Ich hab letztendlich darauf geachtet, dass alles möglichst einfach ist. Ich wollte das erst einmal ausprobieren und da wollte ich nicht gleich viel Geld in Material stecken. Einen alten Pizzaofen hatte ich irgendwie noch im Keller und dann brauchte ich irgendwas zum Zerkleinern. Da habe ich mir so einen Standmixer geholt. Ich dachte, das muss ja irgendwie funktionieren. Und das sind auch schon die beiden Kernsachen. Und letztendlich ein bisschen Arbeitsschutz. Wenn man das Plastik einschmelzt, stinkt das schon ein bisschen, da braucht man auf jeden Fall so eine Gasschutzmaske. Und dann hast du Stanzen, die kannst du tatsächlich kaufen, die sind eigentlich für Kreditkarten. Ich hatte noch so ein Ding bei mir rumliegen und mir ab und zu, so einmal im Jahr, ein Plektron gemacht.

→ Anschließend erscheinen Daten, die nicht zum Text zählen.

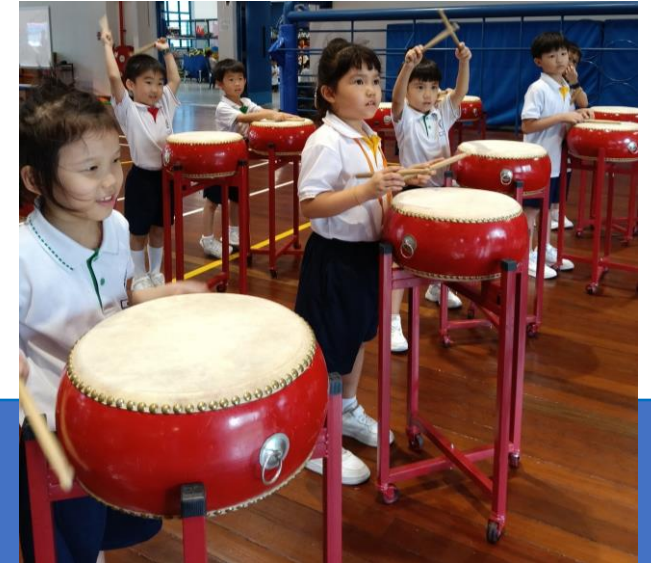
Mother Tongue Fortnight

Lennart mit einer Schutzmaske in seiner Werkstatt

Der Schutz mit einer Maske ist vor Allem beim Schmelzen des Plastiks wichtig.

Wie spielt es sich auf einem Plektron aus Plastikmüll und wie kommen die Plektren bei den Leuten an?

Es spielt sich genau wie auf einem normalen Plektron. Da ich die Plektren in drei unterschiedlichen Stärken (dünn/mittel/dick) anbiete, sollte eigentlich für jeden/e etwas dabei sein. Die Plektren kommen echt super gut an, mittlerweile kann man sie schon in acht Läden in Kiel kaufen. 😊

Spielst du selbst auch Gitarre oder machst du generell Musik?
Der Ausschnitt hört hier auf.